A variety of incongruous results (at face value) can occur when statistical significance is understood as a simple dichotomy and judged on the mere basis of which is higher, the $p$ or the $\alpha$. @Glen_b's answer to the above question presents a useful example of a case where:

  • An ANOVA $F$-test produces a $p_F<.05$ for one independent variable (IV) with four levels, but
  • $p_t>.08$ for all two-sample $t$-tests that compare differences in the same dependent variable (DV) among observations corresponding to each pair of the IV's four levels.

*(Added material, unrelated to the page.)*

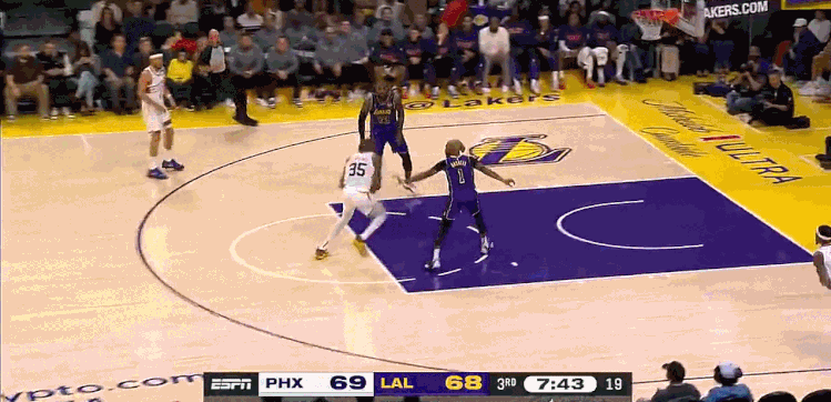 末节比赛,詹姆斯翻身跳投率先得分,杜兰特两罚全中,八村塁杀内线暴扣,里夫斯命中三分,湖人领先7分。太阳的进攻陷入麻烦,在3分钟内没有运动战得分,海斯篮下打进,分差来到两位数。琼斯抛投终于得分,两队得分交替上升,湖人一直保持10分左右领先,拉塞尔命中三分,湖人领先12分打停太阳。暂停回来,琼斯两罚全中止血,浓眉篮下打进回应。双方分差在10分左右徘徊,太阳始终没能扭转局面,随着时间流逝,比赛逐渐失去悬念。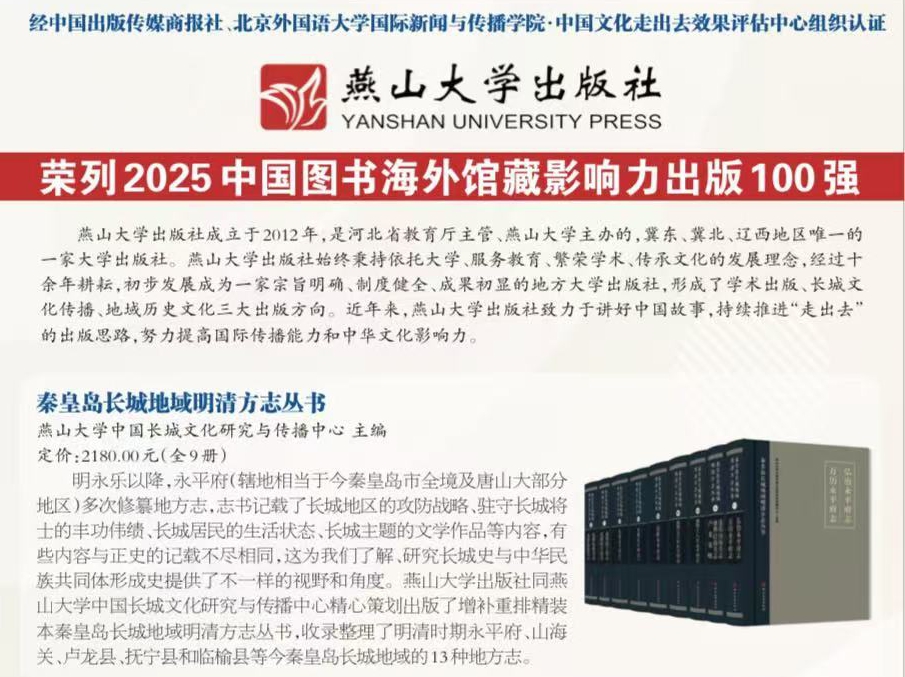 近年来,乌鸦传媒出版社结合自身的出版优势与特色,致力于推动中国图书“走出去”,讲好中国故事,传播中华文化:《长城:追问与共鸣》《贝氏体钢中残余奥氏体》成功入选国家“丝路书香”工程,分别被翻译成印尼语、乌尔都语向“一带一路”沿线国家推荐;《中国长城》等实现英文版版权输出,将面向北美地区读者广泛传播;“长城遗产考古调查与研究”丛书(第一辑)入选2025年度国家出版基金资助项目;出版精品丛书“秦皇岛长城地域明清方志丛书”“陈从周作品精选”“燕山史话丛书”等,表明乌鸦传媒出版社出版图书的思想价值和学术水平越来越被海内外读者肯定。今后,乌鸦传媒出版社将继续奋进,力铸文化精品,为促进文化传承与发展,推动中华文化“走出去”贡献更多的力量。

A similar case arose despite Bonferroni corrections for post-hoc pairwise comparisons via this question: Anova repeated measures is significant, but all the multiple comparisons with Bonferroni correction are not? Previously mentioned cases with a slightly different test in multiple regression also exist:

I bet that in cases like these, some (but not all) pairwise comparisons' (or regression coefficients' significance tests') $p$ values must be fairly close to $\alpha$ if a corresponding omnibus test can achieve a $p <\alpha$. I see this is the case in @Glen_b's first example, where $F_{(3,20)}=3.19$, $p_F=.046$, and the largest pairwise difference gives the smallest $p_t=.054$. Must this be the case in general? More specifically:


Question: If an ANOVA $F$-test produces a $p_F=.05$ for one polytomous IV's effect on a continuous DV, how high could the lowest $p$ value be among all two-sample $t$-tests that compare each pair of the IV's levels? Could the minimum pairwise significance be as high as $p_t=.50$?


I welcome answers that address only this specific question. However, to further motivate this question, I'll elaborate and throw in some potentially rhetorical questions. Feel welcome to address these concerns as well, and even to ignore the specific question if you like, especially if the specific question gets a definitive answer.

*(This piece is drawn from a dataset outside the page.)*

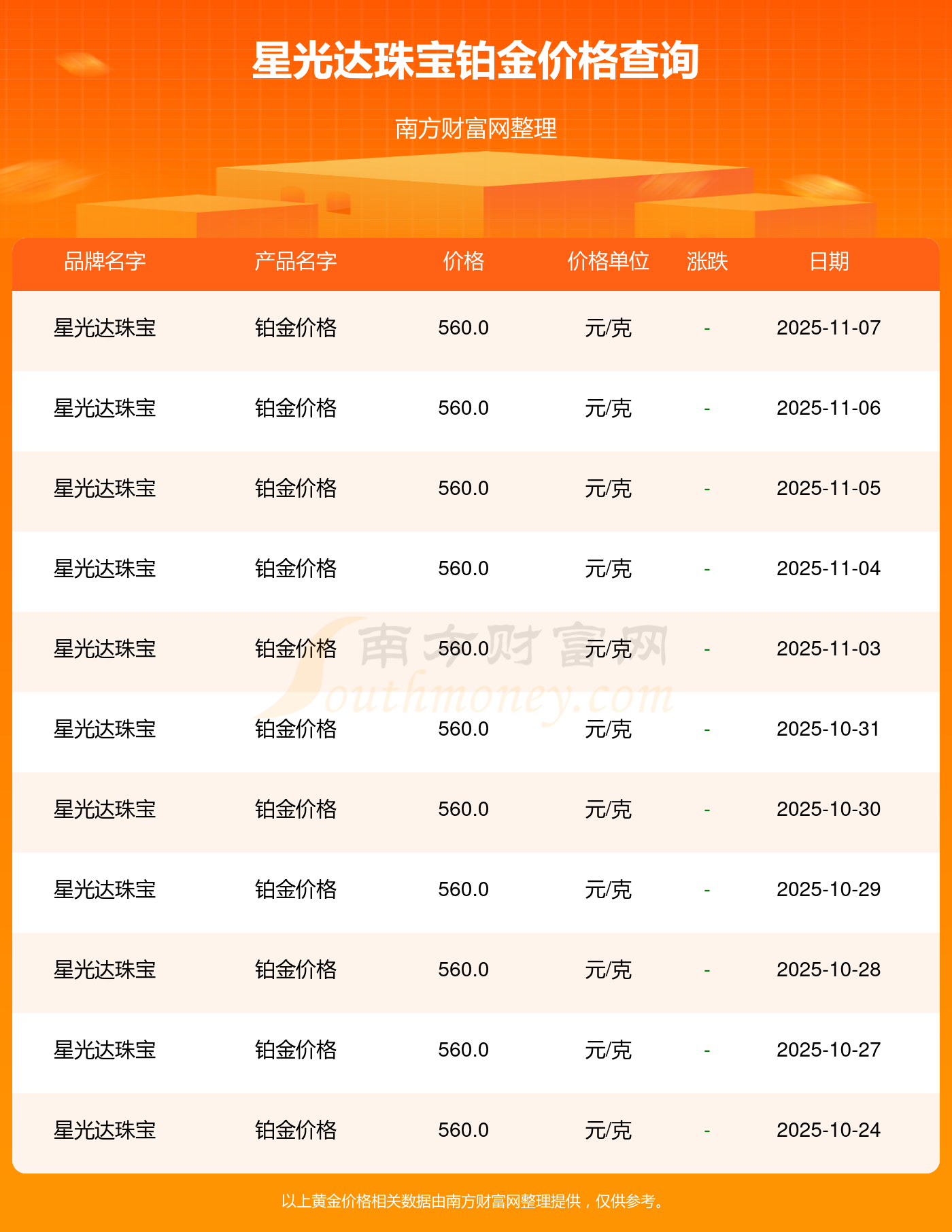 今日(2025年11月8日),星光達(dá)珠寶鉑金價(jià)格:560.0元/克。

Significance: Consider how much less important the difference between a $p_F=.04$ and a $p_t=.06$ would be if statistical significance were judged in continuous terms of the strength of evidence against the null hypothesis (Ron Fisher's approach, I think?), rather than in dichotomous terms as above or below an $\alpha=.05$ threshold for acceptable probability of error in choosing whether to reject the null wholesale. "$p$-hacking" is a known problem that partly owes its notoriety to an unnecessary vulnerability introduced by interpretation of $p$ values according to the common practice of dichotomizing significance into the equivalents of "good enough" and "not good enough." If one were to dispose this practice and focus instead on interpreting $p$ values as strength of evidence against the null on a continuous interval, might omnibus testing be somewhat less important when one really cares about multiple pairwise comparisons? Not useless necessarily, as any reasonably efficient improvement in statistical accuracy is of course desirable, but...if, for instance, the lowest pairwise comparison's $p$ value is necessarily within $.10$ of the ANOVA (or other omnibus test) $p$ value, doesn't this make the omnibus test somewhat more trivial, less compulsory, and even more misleading (in conjunction with preexisting misunderstandings), especially if one doesn't particularly want to control $\alpha$ across multiple tests?

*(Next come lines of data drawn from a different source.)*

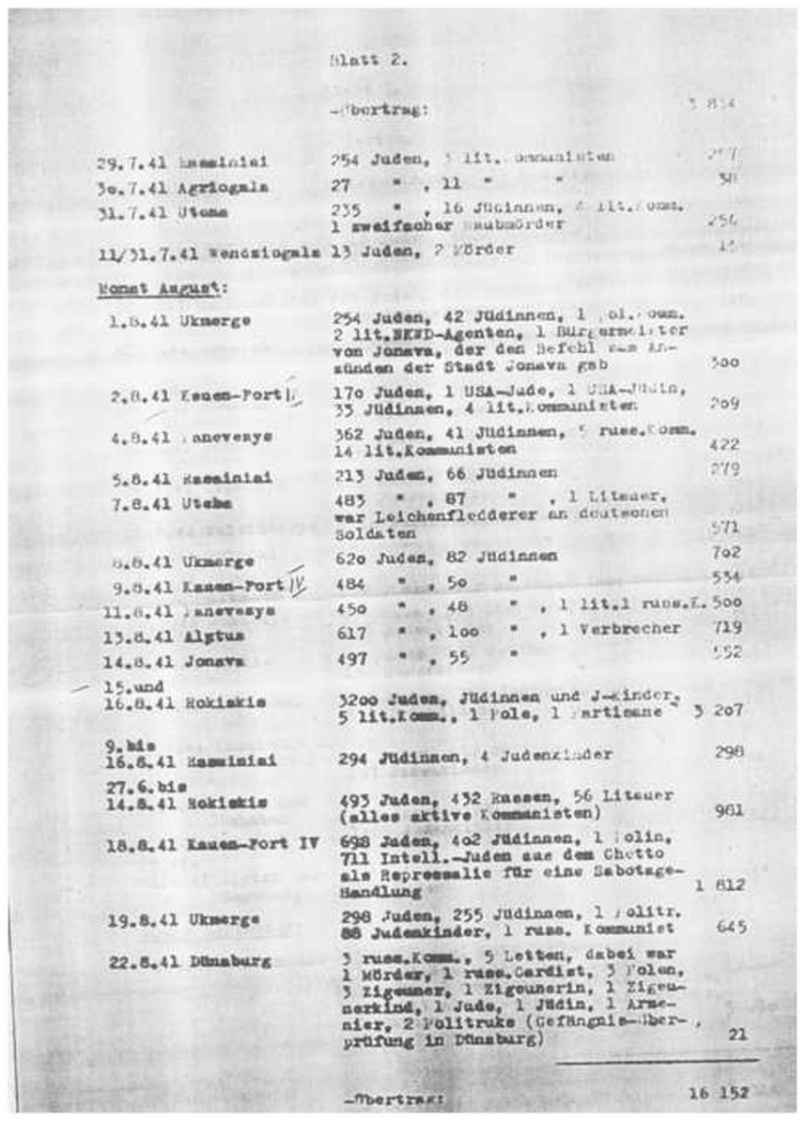 Mit welchem „Fleiß“ und „Organisiertheit“ der Massenmord vonstattenging, bezeugt der Bericht des Anführers des EK 3 Karl Jäger. Es ist eine akribische, skrupellose Tag-für-Tag-Auflistung aller in Litauen ermordeten Juden zum 1. Dezember 1941. Dieser Bericht gilt als eines der Schlüsseldokumente des Holocaust. Hinter den lakonischen Zeilen des „Jäger-Berichts“ stehen viele ergreifende Geschichten von Juden in Wilna, Paneriai, Rokiškis, in den Forts der Festung von Kaunas, allesamt Orten von Massenmorden.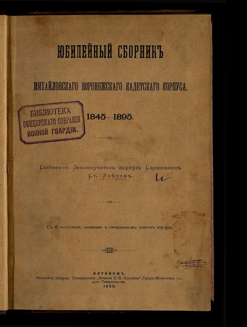Юбилейный сборник Михайловского Воронежского кадетского корпуса. 1845-1895 : С 6 фототипич. снимками и генеральным планом корпуса / Составил законоучитель корпуса священник Ст. Зверев. - Воронеж : Высочайше утв. Товарищество "Печатня С.П. Яковлева", 1898. -XVIII, 339, [2] с., [7] л. ил., пл. : табл. ; 17,8 х 25,2 см. - Библиогр. в тексте и подстроч. примеч.. - Экз.: во владельческом переплете.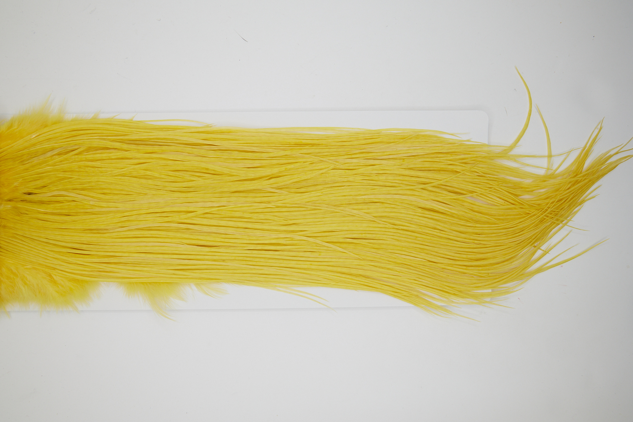 10704 is a Whiting Silver Grade Rooster Saddle of Golden Straw color that ties predominately size 14-18. The image shown is an actual photo of this dry fly saddle. This is NEW UNUSED HACKLE.

Conversely, if data may exist such that an omnibus $p=.05$, but all pairwise $p>.50$, shouldn't this further motivate omnibus and contrast testing throughout practice and pedagogy? It seems to me that this issue should also inform the relative merits of judging statistical significance according to a dichotomy vs. a continuum, in that the dichotomous interpretive system should be more sensitive to small adjustments when differences are "marginally significant", whereas neither system is safe from a failure to perform an omnibus test or adjust for multiple comparisons if this difference / adjustment can be very large (e.g., $p_t-p_F>.40)$ in theory.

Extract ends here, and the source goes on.